Dla człowieka wierzącego czymś jak najbardziej naturalnym jest, że czas Triduum Paschalnego odmierza liturgia. Możemy się ewentualnie zastanowić u kogo z rodziny czy przyjaciół spotkamy się na śniadaniu wielkanocnym, a kogo odwiedzimy w Poniedziałek Wielkanocny. Podobne pytania stawiają sobie zapewne tzw. osoby wierzące niepraktykujące, choć u nich liturgiczną kulminacją świętowania jest „święconka”. Pozostaje jeszcze rozplanowanie czasu na porządki czy świąteczne wypieki. Wielowiekowa tradycja robi swoje.
Jednak czasy się zmieniają i choć ten przedłużony wiosenny weekend nadal nazywany jest Wielkanocą, zdaje się, że coraz więcej osób szuka alternatywnych sposobów na jego spędzenie. Wpadła mi właśnie w ręce „wielkanocna” oferta pewnego hotelu SPA, który wychodzi naprzeciw takim oczekiwaniom. Czas ten możemy więc wypełnić przenosząc się z jednego na drugi zabieg SPA, zapewniając tym samym pielęgnację każdego chyba fragmentu naszego ciała.
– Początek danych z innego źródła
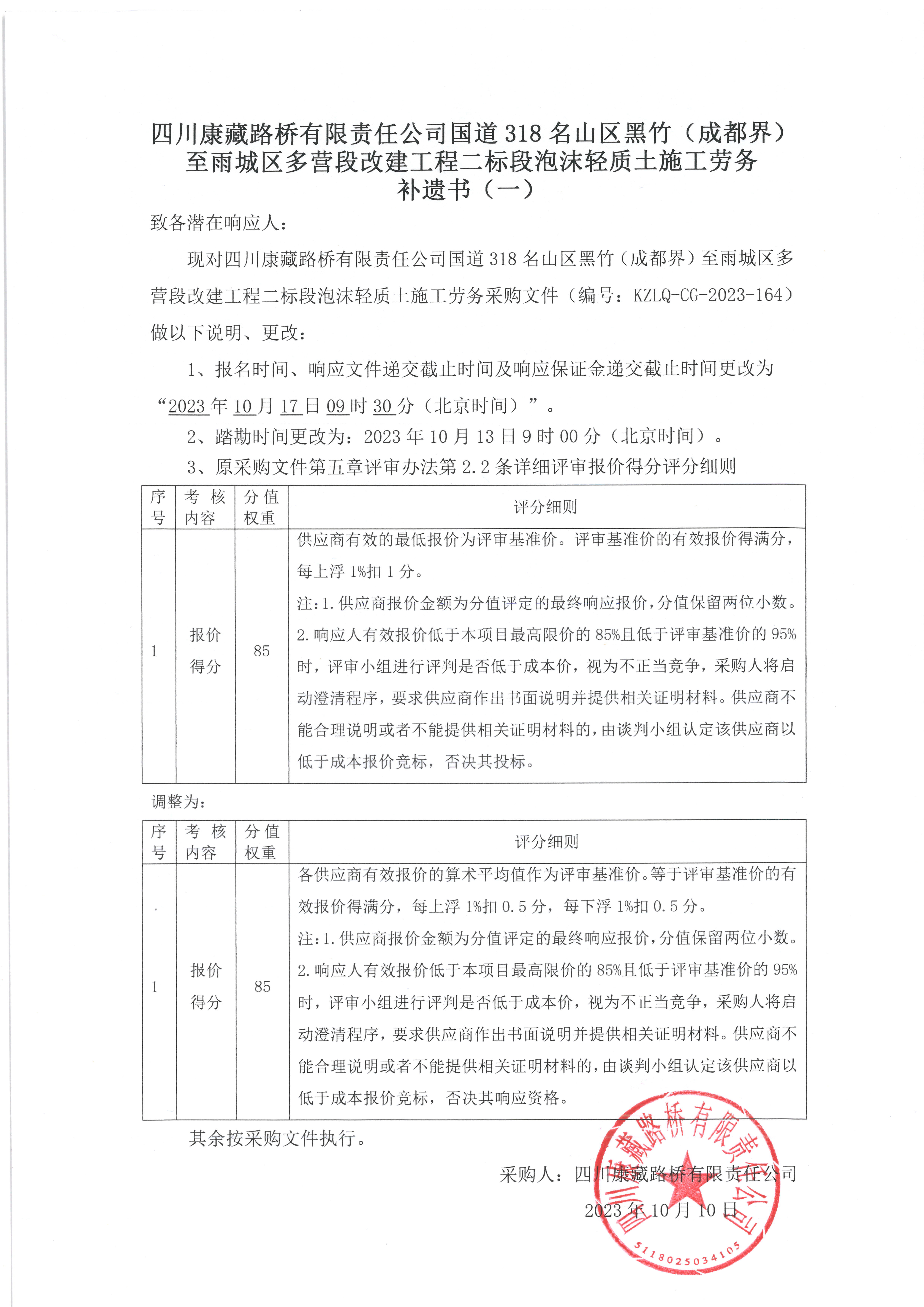 四川康藏路橋有限責(zé)任公司國道318名山區(qū)黑竹(成都界)至雨城區(qū)多營段改建工程二標(biāo)段泡沫輕質(zhì)土施工勞務(wù)補遺書(一)

Ale jest również w tej ofercie postna kolacyjka w Wielki Piątek wieczorem, malowanie pisanek w Wielką Sobotę i śniadanie wielkanocne w niedzielę. Można też, jak zapewnia ulotka, miło spędzić czas w pobliskim lesie nad jeziorem korzystając z hotelowych rowerów czy „kijków”.
O tym, że naprzeciwko hotelu stoi kościół, w którym można by wziąć udział w nabożeństwach przewidzianych na ten szczególny czas – ani słowa. Widać nie do tego typu klientów kierowane jest zaproszenie. W takim razie nieporozumieniem jest używanie w ofercie, odmienianego na różne sposoby, słowa „Wielkanoc” i to całe zawracanie głowy z ozdabianiem pisanek (chyba że to z myślą o dzieciach, żeby się nie nudziły, kiedy rodzice będą na masażach). Czyżby jednak tak trudno było wyzwolić się spod wpływu tej wielowiekowej tradycji i uwolnić się od tych wszystkich „wielkanocnych jaj”? Pewnie póki będą przyciągać klienta, te wielkanocne gadżety ostaną się. Potem będzie można zapraszać po prostu na „Wiosenne SPA”, chyba że zniosą też Wielkanoc i z kolejnego przedłużonego weekendu nici.
PS Żal w tym wszystkim pracowników masujących i „zabiegających” o gości w wielkosobotni wieczór i noc. Chyba że jest to ściśle wyselekcjonowany zespół osób nie obchodzących Wielkanocy.